◆ Input material ◆
------

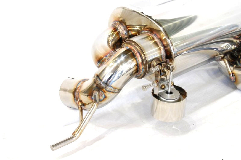 | Product Description | KIT Contents: Valvetronic Exhaust System (With Volume Switching) / Laser Wolf V.T.Material: Stainless SteelSpecifications: CaterbackTail Shape: 2x80mmStandard Switching Method: Laser Wolf V.T (Remote Control) Total size of three sides : 200cmOur exhaust systems are characterized by the combination of metals with different properties to create a unique tone. Therefore, they are completely handmade and all made to order. Delivery time usually takes 14 to 20 days, depending on the order.Volume setting:When ordering, you can choose from 5 exhaust volume levels.The standard settings are Silent Mode: Level 2, F1 Mode: Level 5.The most popular combination is Silent Mode: Level 2, F1 Mode: Level 5.Volume Levels: Level 1: Equal to normal muffler soundLevel 2: Quiet sports muffler soundLevel 3: Slightly louder, high-pitched sports muffler soundLevel 4: Loud, high-pitched sports muffler soundLevel 5: Explosive sound, super high-pitched sound |
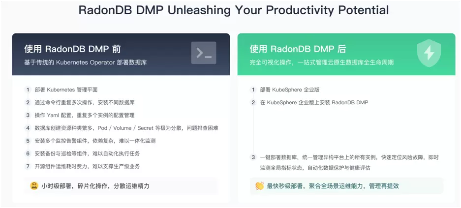 RadonDB DMP,全新一代企业级云原生数据库管理平台,实现更智能、更高效的数据库管理,引领企业迈向“云原生 + AI”数据管理新时代!
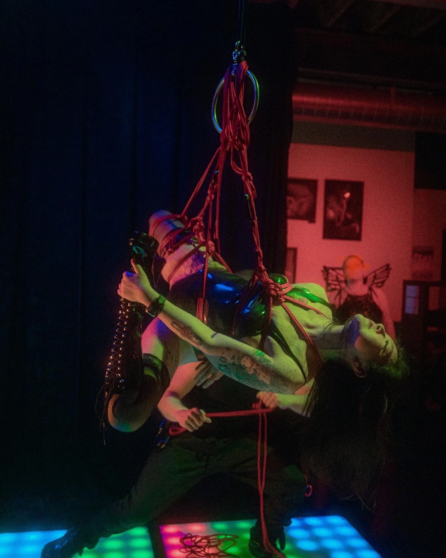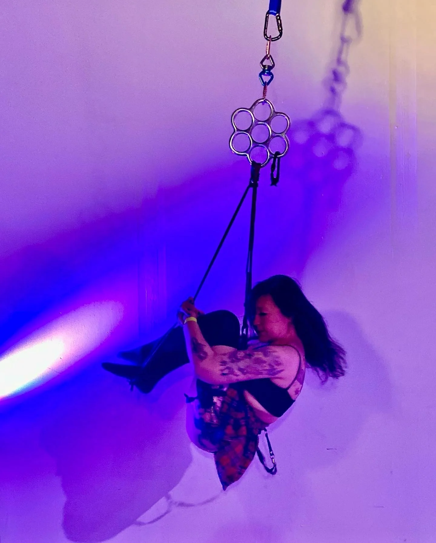 As an older, queer, femme-presenting POC who didn’t initially feel welcome in the shibari community, she is dedicated to rope education accessibility. Her rope style is best described as connective western rope with a mix, largely self-taught, of American, circus, and eastern rope (shibari and kinbaku) styles. She is heavily influenced by her self-suspension practice. Bliss has been touching rope nearly every day for over 4 years and during that time has done hundreds of rope suspensions. While she changes her Topping style dynamically based on what’s been negotiated, her default style is a uniquely connective style with strong elements of Dominance.
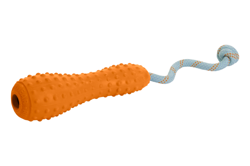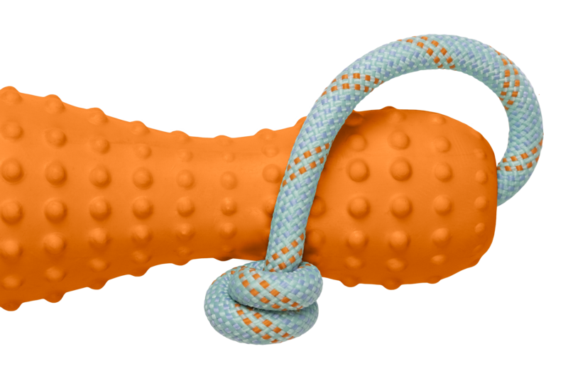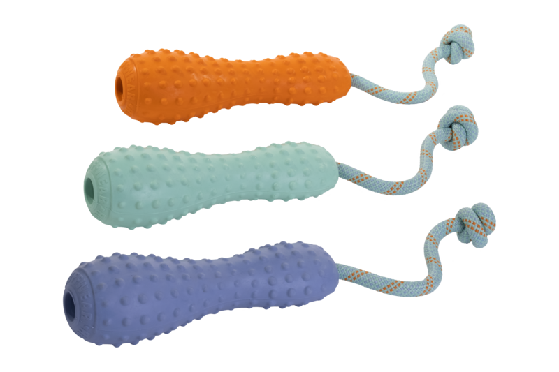 - Legetøj af naturlatex designet til interaktiv leg, både til at trække og kaste.
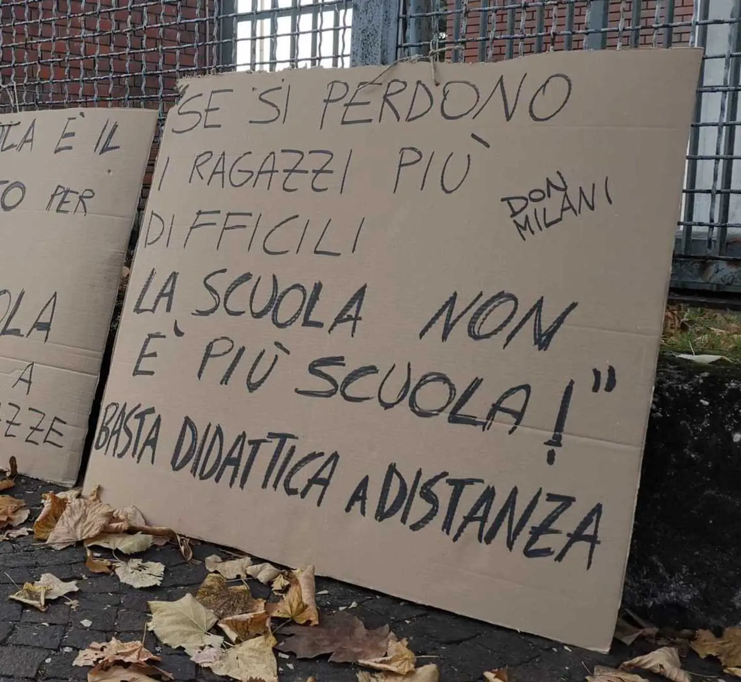 Da ultimo, si pensa che la chiusura della scuola avrà un impatto particolarmente pesante sui ragazzi che provengono da contesti socialmente svantaggiati. Proprio al tema dell’inclusione è dedicato l’ultimo cartello esposto: una citazione di don Milani: «Se si perdono i ragazzi più difficili, la scuola non è più scuola».
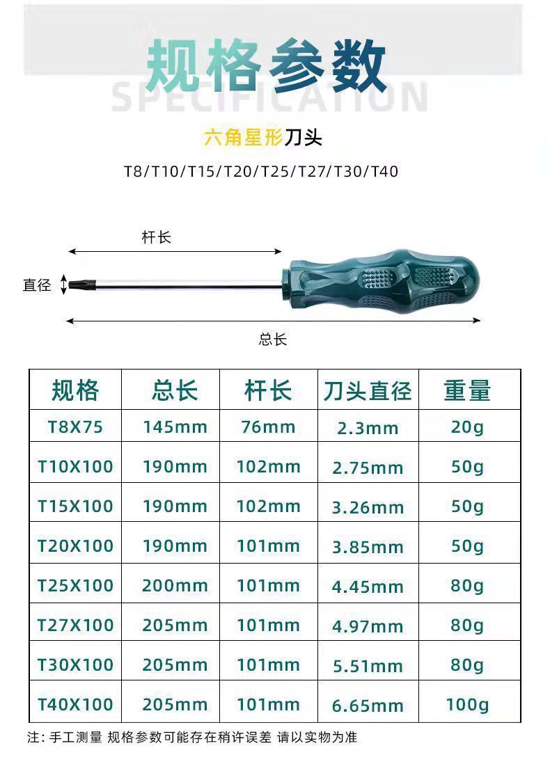 구멍이있는 육각형 매화 스크루 드라이버 T8T10T15T20T25T27T30T40 미터 유형 6 꽃 스크루 드라이버스토어 가기
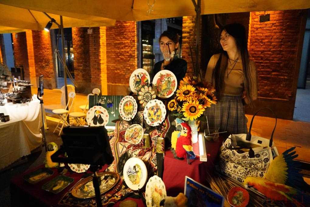 两名女孩在景德镇陶溪川春秋大集上销售创意瓷器(2023年10月17日摄)。新华社记者 周密 摄
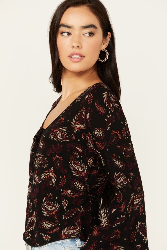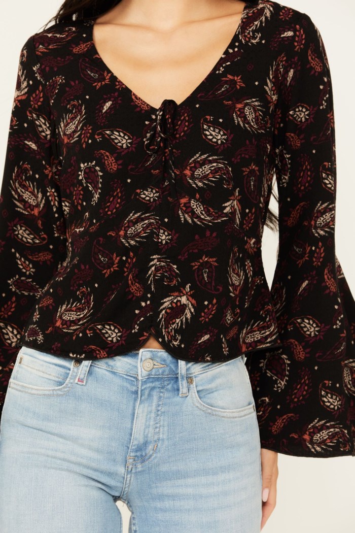 - Promotion Idyllwind Women's Hazel Smocked Long Sleeve Cropped Blouse | Black
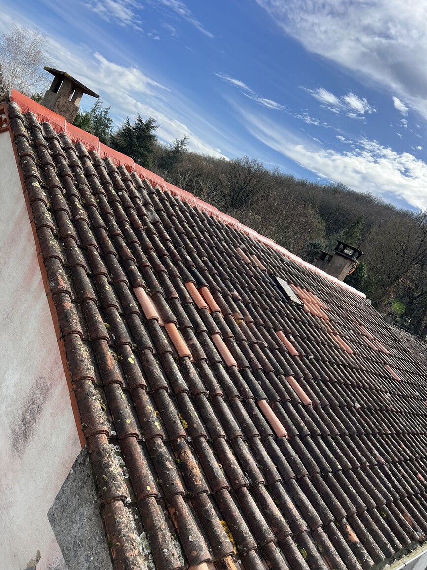Reprise d’un faîtage à sec, puis application, peinture, traitement d'étanchéité et hydrofuge
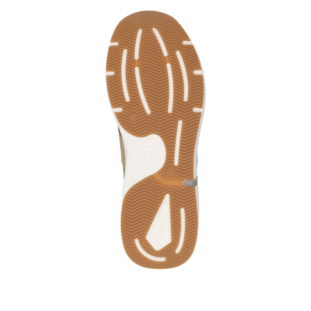 Мъжки маратонки от немската марка Rieker. Изработени от естествена кожа и текстил. Вътрешната част е покрита с антибактериален текстил, който предпазва ходилото от алергии и изпотяване. Стелките са с мемори пяна. Височината на подлетката в задната част е 4см. с иделана анатомична форма. За лесно обуване и нужда от пристягане се грижат връзките.
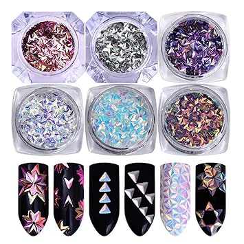 Amazon Com Nicole Diary 6 Boxes Chameleon 3d Nail Studs Sparkle
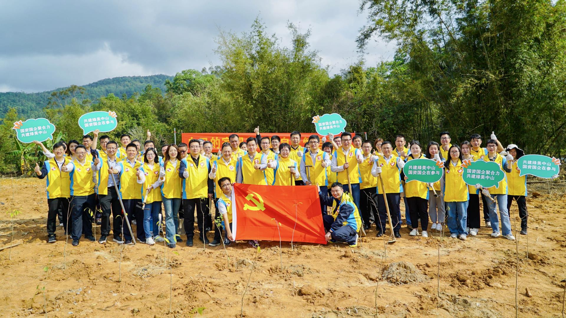 ▲ 2月20日,中山投控黨員志愿者前往三鄉(xiāng)鎮(zhèn)塘敢村十二勇士主題公園開展“綠美中山黨旗揚”新春植樹活動。
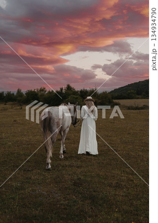 Woman walks a horse under a colorful sky at sunset in a field
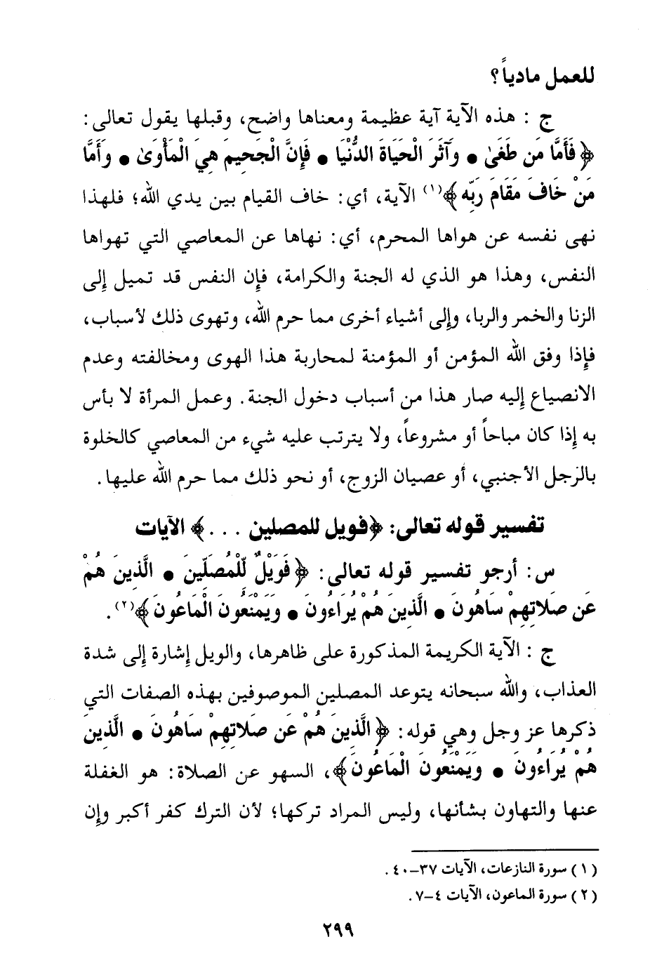 ج: الآية الكريمة المذكورة على ظاهرها، والويل إشارة إلى شدة العذاب، والله سبحانه يتوعد المصلين الموصوفين بهذه الصفات التي ذكرها عز وجل وهي قوله: {الَّذِينَ هُمْ عَنْ صَلَاتِهِمْ سَاهُونَ} (¬6) {الَّذِينَ هُمْ يُرَاءُونَ} (¬7) {وَيَمْنَعُونَ الْمَاعُونَ} (¬8) السهو عن الصلاة: هو الغفلة عنها والتهاون بشأنها، وليس المراد تركها؛ لأن الترك كفر أكبر وإن
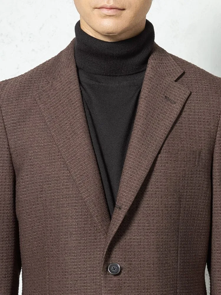 一見無地ライクに見えるさりげないチェック柄がポイント、深みのあるブラウンカラーで落ち着いた雰囲気で着られます。
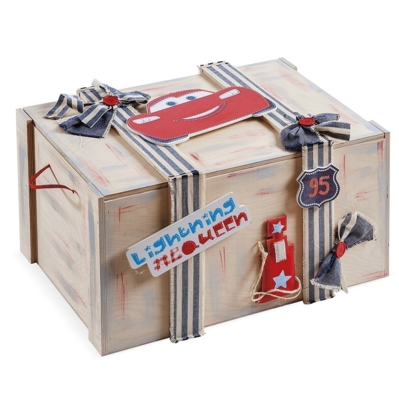 Disney ξύλινη natural κασέλα-παλέτα, συσκευασία βάπτισης ζωγραφισμένη στο χέρι με σβησίματα γκρι-κόκκινα, στολισμένη με ριγέ και μονόχρωμο ύφασμα σε αποχρώσεις μπλε και κόκκινες . Το καπάκι του κουτιού είναι διακοσμημένο με την ξύλινη φιγούρα του McQueen,ενώ το μπροστινό μέρος του κουτιού διακοσμεί ξύλινη ταμπελίτσα πάνω στην οποία αναγράφεται το όνομά του Lightning McQueen μαζί με το ξύλινο σηματάκι του αντίστοιχα.
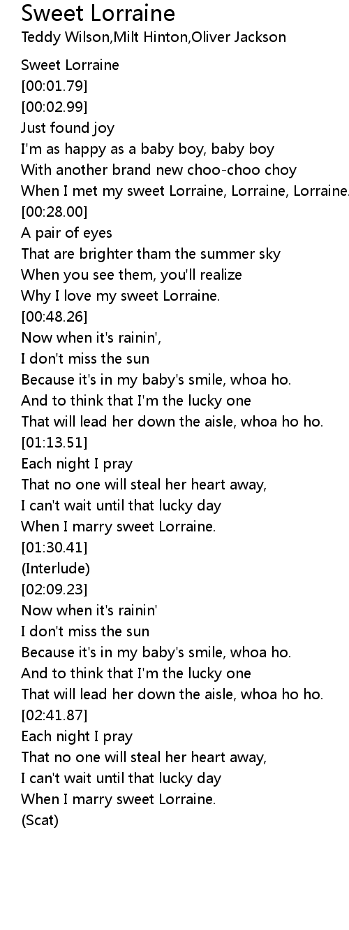 When I met my sweet Lorraine, Lorraine, Lorraine. |
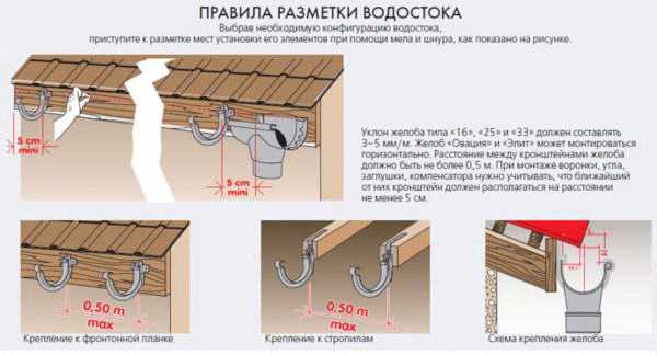 Пошаговое руководство по установке водостока на крышу дома из 6 пунктов1. Установка держателей: кронштейнов и желобов
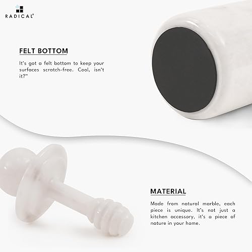 Radicaln Pot à miel en marbre avec couvercle à cuillère Blanc fait main pour la maison et la cuisine – Récipient à miel de table – Pot à miel
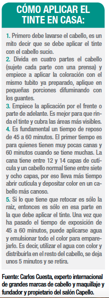 Este tipo de alternativas les ha facilitado a las clientas mantener el cabello sin canas o con un color homogéneo, gracias a que la preparación es personalizada. “Preparaba la emulsión de peróxido por aparte, los guantes, las botellitas con champú y acondicionador para que ellas se los aplicaran en casa. Esto me permitió crear mi propia línea de cabello”, asegura Cuesta.

------

◆ Problem to solve ◆
Repeat the material above word for word, please, apart from its images.

◆ Exercise response ◆
 | Product Description | KIT Contents: Valvetronic Exhaust System (With Volume Switching) / Laser Wolf V.T.Material: Stainless SteelSpecifications: CaterbackTail Shape: 2x80mmStandard Switching Method: Laser Wolf V.T (Remote Control) Total size of three sides : 200cmOur exhaust systems are characterized by the combination of metals with different properties to create a unique tone. Therefore, they are completely handmade and all made to order. Delivery time usually takes 14 to 20 days, depending on the order.Volume setting:When ordering, you can choose from 5 exhaust volume levels.The standard settings are Silent Mode: Level 2, F1 Mode: Level 5.The most popular combination is Silent Mode: Level 2, F1 Mode: Level 5.Volume Levels: Level 1: Equal to normal muffler soundLevel 2: Quiet sports muffler soundLevel 3: Slightly louder, high-pitched sports muffler soundLevel 4: Loud, high-pitched sports muffler soundLevel 5: Explosive sound, super high-pitched sound |
 RadonDB DMP,全新一代企业级云原生数据库管理平台,实现更智能、更高效的数据库管理,引领企业迈向“云原生 + AI”数据管理新时代!
 As an older, queer, femme-presenting POC who didn’t initially feel welcome in the shibari community, she is dedicated to rope education accessibility. Her rope style is best described as connective western rope with a mix, largely self-taught, of American, circus, and eastern rope (shibari and kinbaku) styles. She is heavily influenced by her self-suspension practice. Bliss has been touching rope nearly every day for over 4 years and during that time has done hundreds of rope suspensions. While she changes her Topping style dynamically based on what’s been negotiated, her default style is a uniquely connective style with strong elements of Dominance.
 - Legetøj af naturlatex designet til interaktiv leg, både til at trække og kaste.
 Da ultimo, si pensa che la chiusura della scuola avrà un impatto particolarmente pesante sui ragazzi che provengono da contesti socialmente svantaggiati. Proprio al tema dell’inclusione è dedicato l’ultimo cartello esposto: una citazione di don Milani: «Se si perdono i ragazzi più difficili, la scuola non è più scuola».
 구멍이있는 육각형 매화 스크루 드라이버 T8T10T15T20T25T27T30T40 미터 유형 6 꽃 스크루 드라이버스토어 가기
 两名女孩在景德镇陶溪川春秋大集上销售创意瓷器(2023年10月17日摄)。新华社记者 周密 摄
 - Promotion Idyllwind Women's Hazel Smocked Long Sleeve Cropped Blouse | Black
Reprise d’un faîtage à sec, puis application, peinture, traitement d'étanchéité et hydrofuge
 Мъжки маратонки от немската марка Rieker. Изработени от естествена кожа и текстил. Вътрешната част е покрита с антибактериален текстил, който предпазва ходилото от алергии и изпотяване. Стелките са с мемори пяна. Височината на подлетката в задната част е 4см. с иделана анатомична форма. За лесно обуване и нужда от пристягане се грижат връзките.
 Amazon Com Nicole Diary 6 Boxes Chameleon 3d Nail Studs Sparkle
 ▲ 2月20日,中山投控黨員志愿者前往三鄉(xiāng)鎮(zhèn)塘敢村十二勇士主題公園開展“綠美中山黨旗揚”新春植樹活動。
 Woman walks a horse under a colorful sky at sunset in a field
 ج: الآية الكريمة المذكورة على ظاهرها، والويل إشارة إلى شدة العذاب، والله سبحانه يتوعد المصلين الموصوفين بهذه الصفات التي ذكرها عز وجل وهي قوله: {الَّذِينَ هُمْ عَنْ صَلَاتِهِمْ سَاهُونَ} (¬6) {الَّذِينَ هُمْ يُرَاءُونَ} (¬7) {وَيَمْنَعُونَ الْمَاعُونَ} (¬8) السهو عن الصلاة: هو الغفلة عنها والتهاون بشأنها، وليس المراد تركها؛ لأن الترك كفر أكبر وإن
 一見無地ライクに見えるさりげないチェック柄がポイント、深みのあるブラウンカラーで落ち着いた雰囲気で着られます。
 Disney ξύλινη natural κασέλα-παλέτα, συσκευασία βάπτισης ζωγραφισμένη στο χέρι με σβησίματα γκρι-κόκκινα, στολισμένη με ριγέ και μονόχρωμο ύφασμα σε αποχρώσεις μπλε και κόκκινες . Το καπάκι του κουτιού είναι διακοσμημένο με την ξύλινη φιγούρα του McQueen,ενώ το μπροστινό μέρος του κουτιού διακοσμεί ξύλινη ταμπελίτσα πάνω στην οποία αναγράφεται το όνομά του Lightning McQueen μαζί με το ξύλινο σηματάκι του αντίστοιχα.
 When I met my sweet Lorraine, Lorraine, Lorraine. |
 Пошаговое руководство по установке водостока на крышу дома из 6 пунктов1. Установка держателей: кронштейнов и желобов
 Radicaln Pot à miel en marbre avec couvercle à cuillère Blanc fait main pour la maison et la cuisine – Récipient à miel de table – Pot à miel
 Este tipo de alternativas les ha facilitado a las clientas mantener el cabello sin canas o con un color homogéneo, gracias a que la preparación es personalizada. “Preparaba la emulsión de peróxido por aparte, los guantes, las botellitas con champú y acondicionador para que ellas se los aplicaran en casa. Esto me permitió crear mi propia línea de cabello”, asegura Cuesta.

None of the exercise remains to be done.